SoFunction
Updated on 2024-11-14

The ultimate python speech recognition guide (having this one is enough)

[Introduction] The huge success of Amazon's Alexa has proven that implementing some level of voice support will become a basic requirement for everyday technology in the near future. Python programs that integrate speech recognition offer a level of interactivity and accessibility unmatched by other technologies. Best of all, implementing speech recognition in Python programs is simple. Read this guide and you'll learn. You will learn:

-How speech recognition works;

-What packages PyPI supports.

-How to install and use the SpeechRecognition package, a full-featured and easy-to-use speech recognition library for Python.

Overview of how language recognition works

Speech recognition originated from research done at Bell Labs in the early 1950s. Early speech recognition systems were only capable of recognizing a single speaker and had a vocabulary of about a dozen words. Modern speech recognition systems have come a long way, recognizing multiple speakers and having large vocabularies to recognize multiple languages.

The first part of speech recognition is, of course, the voice. Through the microphone, speech is converted from a physical sound to an electrical signal, which is then converted to data by an analog-to-digital converter. Once digitized, several models can be applied to transcribe the audio into text.

Most modern speech recognition systems rely on Hidden Markov Models (HMM).
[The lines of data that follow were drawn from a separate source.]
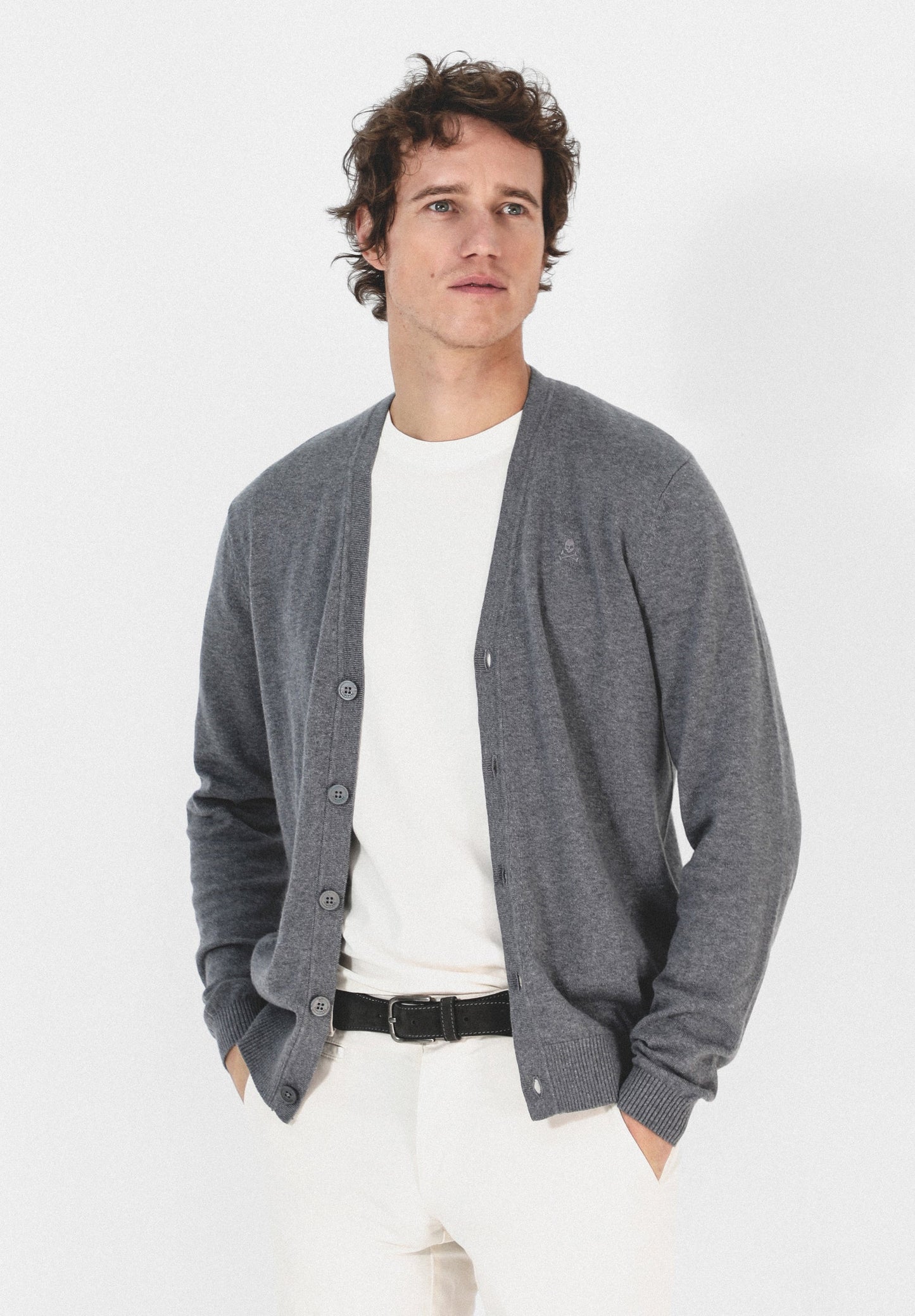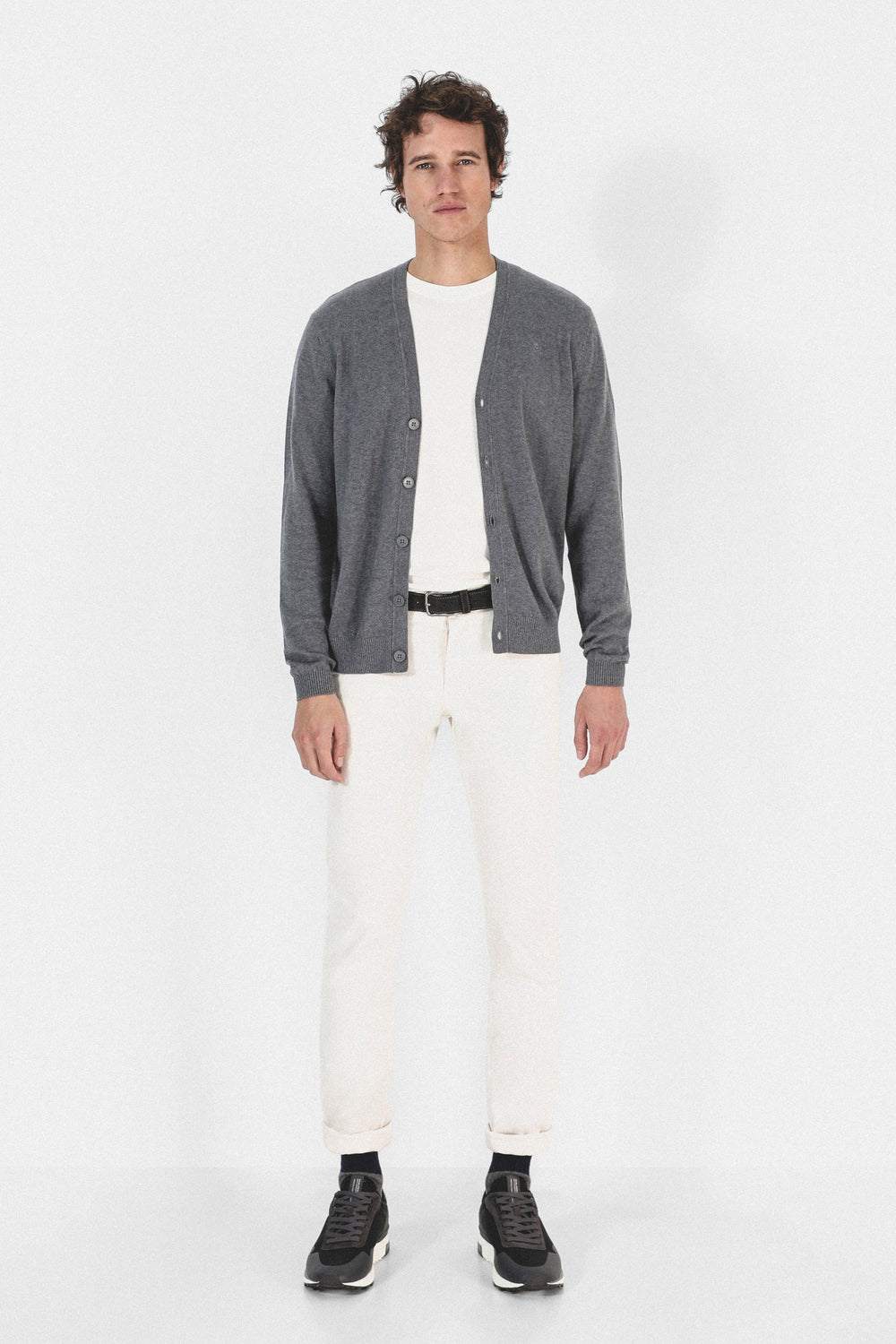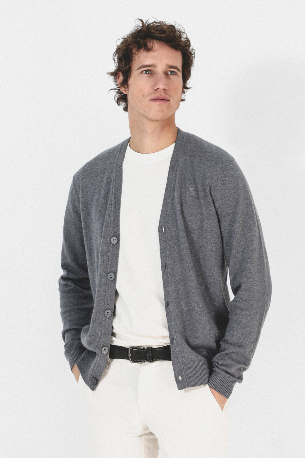 Cárdigan confeccionado en tejido mezcla de algodón BCI y cashmere. Corte Regular Fit, cuello de pico y cierre con botones. Manga larga y detalle de calavera a tono.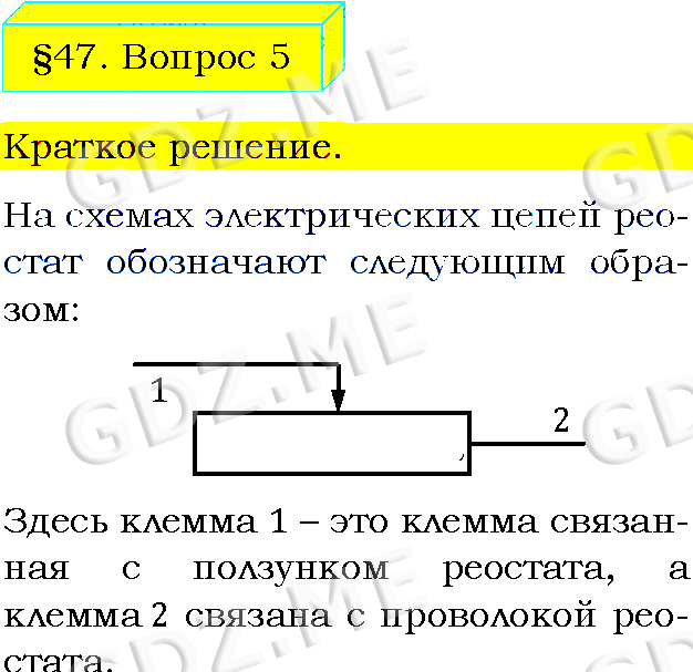 Подробный вариант решения из решебника (ГДЗ): Задание номер 5 (§47. Реостат. Вопросы) по предмету Физика, за 8 класс, авторы учебника Пёрышкин А.В..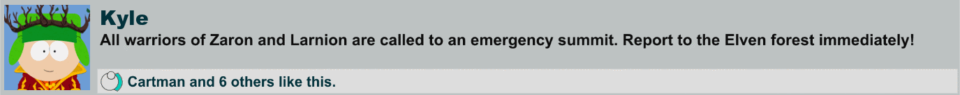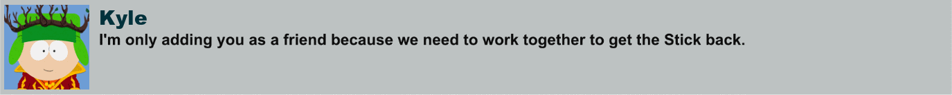 Kyle Broflovski is the leader of the Drow Elves and is one of the six playable partners in South Park: The Stick of Truth. His official title is High Jew Elf King Kyle.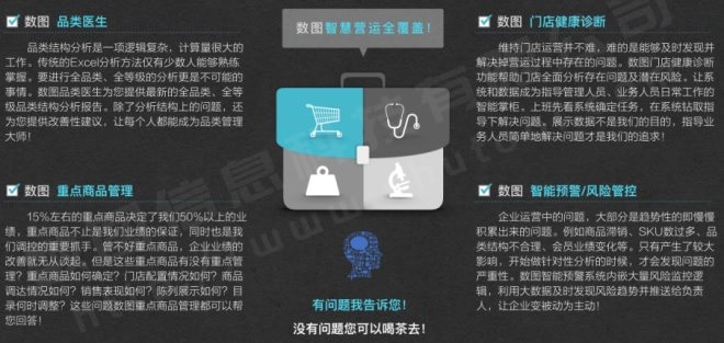 數圖信息與胖東來本次合作主要內容為基于大數據分析的智能化營運管理平臺的應用。涵蓋了智能營運預警、品類醫(yī)生(品類分析)、重點商品管理、多維度異常跟蹤等功能。旨在將管理決策人員,從繁瑣的數據整理、數據分析中解放出來。讓準確的數據監(jiān)控結果,在合適的時間、以合適的方式、傳達給需要的人員手中。是企業(yè)數字化管理、智能化升級的重要實現形式,也是企業(yè)大數據應用的重點領域。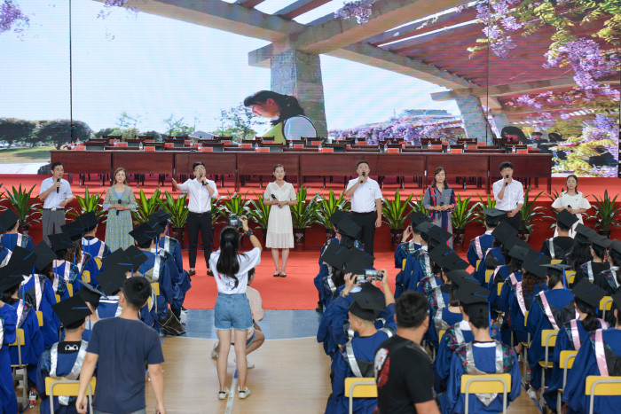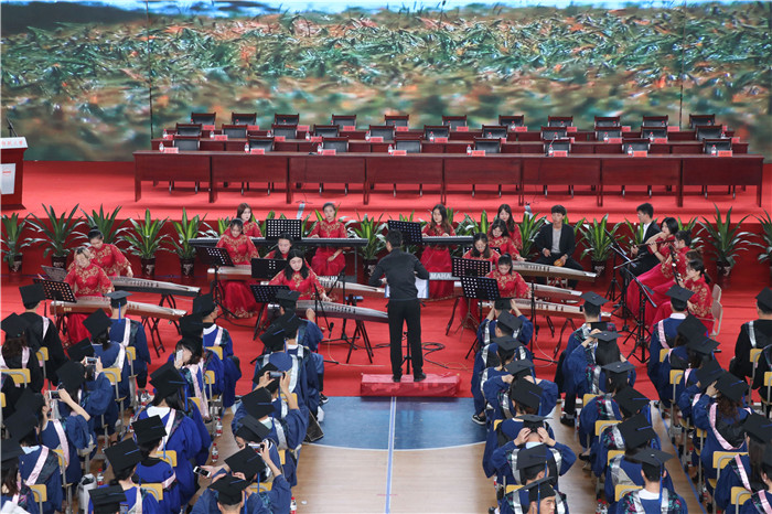 毕业典礼开始前,师生代表进行了简短的文艺表演,表达母校师生对即将离校的毕业生的殷切希望和深深祝福。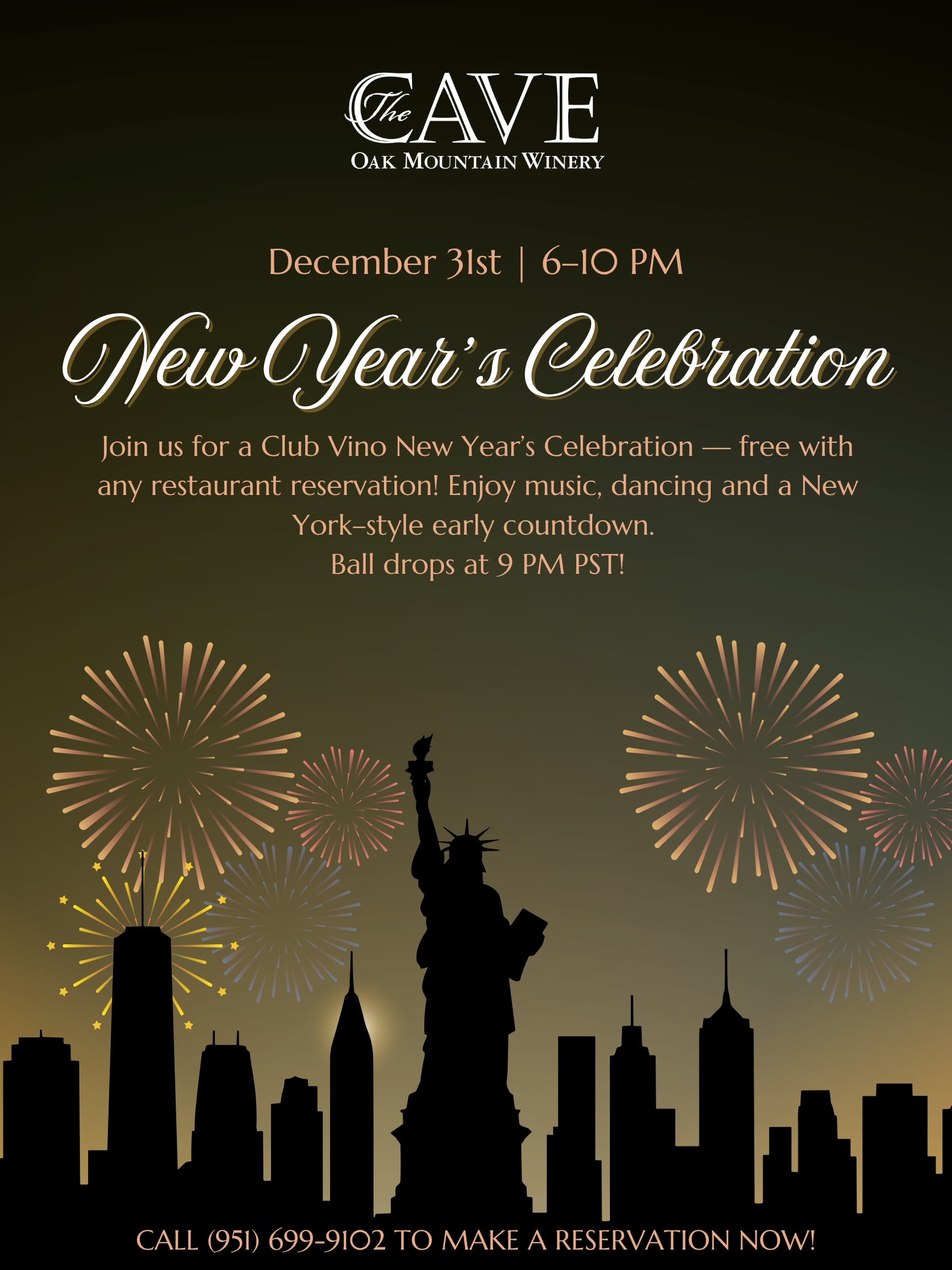 Ring in the New Year with our Club Vino New Year's Celebration from 6-10pm on Wednesday, 12/31! We are celebrating New York style with music, dancing, and an early countdown. Free Admission with any 12/31 reservation with The Cave Cafe. Ball drops at 9pm. VIP with Bottle Service available for $150.Images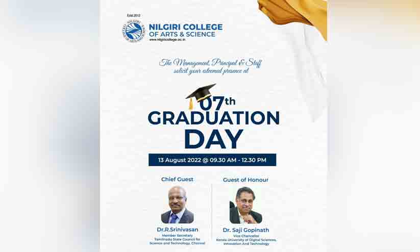 date_range 12 Aug 2022 5:14 PM ISTനീലഗിരി കോളജിന്റെ ഏഴാമത് ബിരുദദാന സമ്മേളനം ഇന്ന്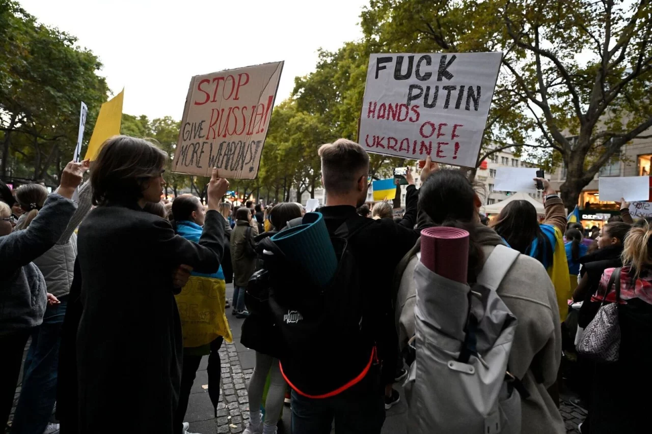 All die Bomben hätten Zivilisten getroffen, sagte die stellvertretende Vorsitzende des Vereins, Julia Chenusha. Nach den Angriffen habe man kurzfristig die Kundgebung unter dem Titel «Stoppt Russland. Stoppt Genozid» anberaumt. Der Verein forderte, die Ukraine «mit allen notwendigen Waffen, einschließlich Panzern und Luftabwehrsystemen» auszustatten, Wirtschaftssanktionen gegen Russland zu verstärken und ein beschleunigtes Beitrittsverfahren der Ukraine zu Nato und EU zu unterstützen.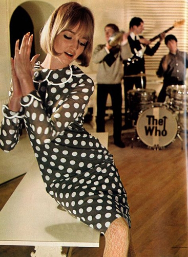 Vox (Mark IV?) Teardrop bassVox (Mark IV?) Teardrop (black with pearloid scratchplate) bass guitar appearing in promotional photo shoots, one of which appeared in the March 1965 Seventeen magazine.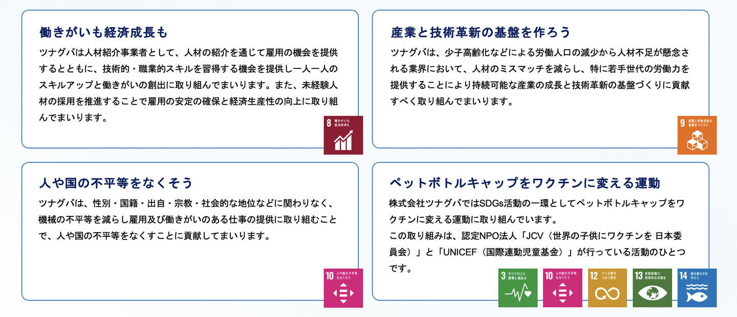世界人口の半数近くを30歳未満の人々が占める中で、持続可能な開発目標を達成する上では、若者たちの有意義かつ効果的な参加が不可欠であることを考えさせられる機会となりました。弊社は「可能性をつなぐ」「20代のキャリア構築支援ならツナグバとなる。」というミッション、ビジョンを掲げて若手層に向けた事業を運営しており、若手世代のキャリア形成を軸に引き続きSDGsの目標達成を目指していきます!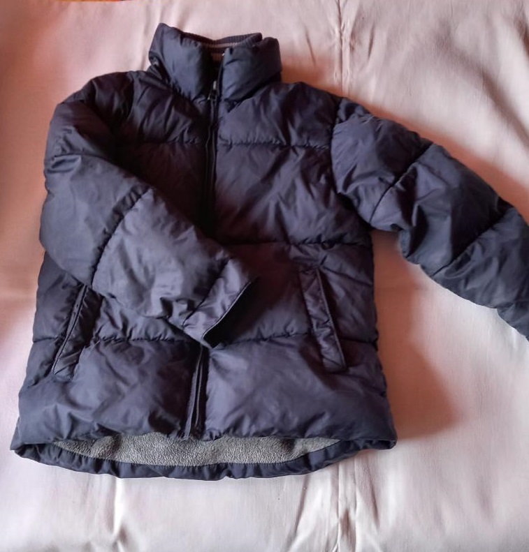 Velmi teplá, prošívaná, navíc uvnitř zateplená flecce podšívkou, ve velmi dobrém stavu, jen chybí kapuce, stojáček zateplený úpletem, 2 boční kapsy+vnitřní náprsní kapsa, zapínání na uzávěr.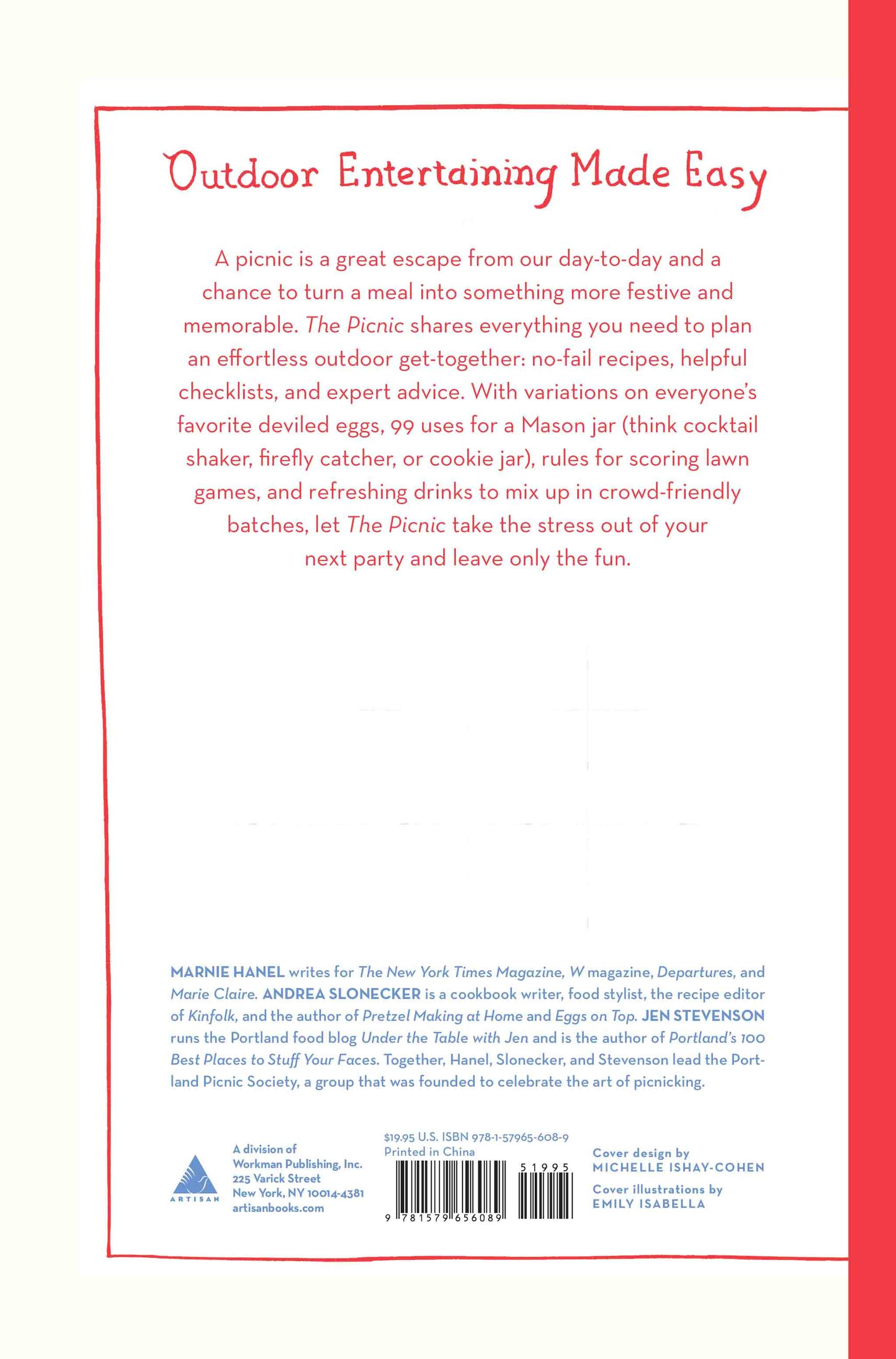 “Charming. . . . Perusing these colorfully illustrated pages, readers will learn how to select an appropriate site, cope with inclement weather, transport unwieldy or temperature-sensitive foods, and assemble a ‘glorious’ charcuterie board. The authors’ classy recipes for appetizers, salads, drinks, and more (e.g. kale panzanella with burnt lemon Caesar dressing, smoky tea-brined fried chicken, vanilla bean shortcakes with strawberries in basil syrup) all include thoughtful instructions for storage and serving. A fresh look at outdoor entertaining that’s just in time for spring and summer. Highly recommended.”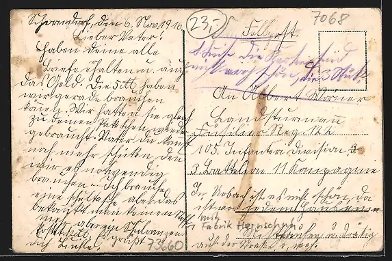 Personenbezogene Daten auf der Rückseite der Karte wurden durch blauen Textmarker unkenntlich gemacht. Die blauen Stellen sind auf die Vorderseite durchgeweicht und wirken sich negativ auf das Postkartenfoto aus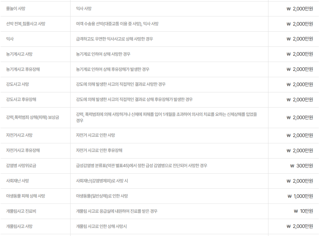 - 대중교통 사고, 스쿨존 사고 등 특정한 조건의 일반 사고도 보장됩니다.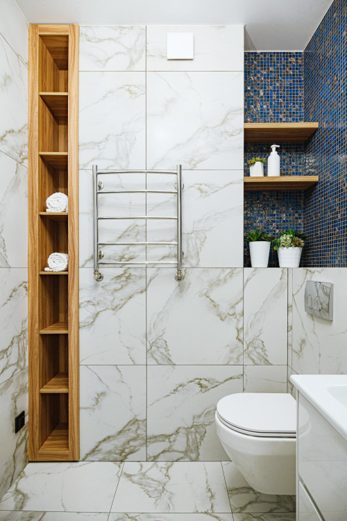 If you’re planning a remodel, think beyond shelves. A recessed niche beside or above the toilet adds sleek, built-in storage without crowding the room. Line it with warm wood or contrasting tiles for texture. The multiple cubbies keep things organized, and the custom look feels straight out of a design magazine.

It works on the principle that a speech signal can be approximated as a stationary process on very short time scales (e.g., 10 milliseconds), i.e., a process whose statistical properties do not vary with time.

Many modern speech recognition systems will use neural networks prior to HMM recognition to simplify the speech signal through techniques of feature transformation and dimensionality reduction. Speech Activity Detectors (VADs) can also be used to reduce the audio signal to parts that may contain only speech.

Fortunately for Python users, a number of speech-recognition services are available online via APIs, and most of them offer Python SDKs as well.

Select Python Speech Recognition Package

There are a number of speech recognition packages readily available in PyPI. These include:

•apiai

•google-cloud-speech

•pocketsphinx

•SpeechRcognition

•watson-developer-cloud

•wit

Some packages (such as wit and apiai) provide built-in features that go beyond basic speech recognition, such as natural language processing to recognize speaker intent. Other packages, such as Google Cloud Speech, focus on speech-to-text conversion.

SpeechRecognition stands out for its ease of use.

Recognizing speech requires audio input, and retrieving audio input is simple in SpeechRecognition - instead of having to build scripts that access the microphone and process the audio file from scratch, retrieval is automated and running in just a few minutes.

The SpeechRecognition library caters to several major speech APIs, making it extremely flexible. The Google Web Speech API supports hard-coding to the default API key in the SpeechRecognition library, which can be used without registration.SpeechRecognition is the best choice for writing Python programs because of its flexibility and ease of use.

Installing SpeechRecognition

SpeechRecognition is compatible with Python 2.6 , 2.7 and 3.3+, but requires some additional installation steps for use in Python 2. All development versions in this tutorial default to Python 3.3+.

The reader can install SpeechRecognition from a terminal using the pip command:

$ pip install SpeechRecognition

Once the installation is complete please verify the installation by opening the interpreter window and entering the following:

>>> import speech_recognition as sr
>>> sr.__version__
'3.8.1'

Note: Do not close this session, you will be using it in later steps.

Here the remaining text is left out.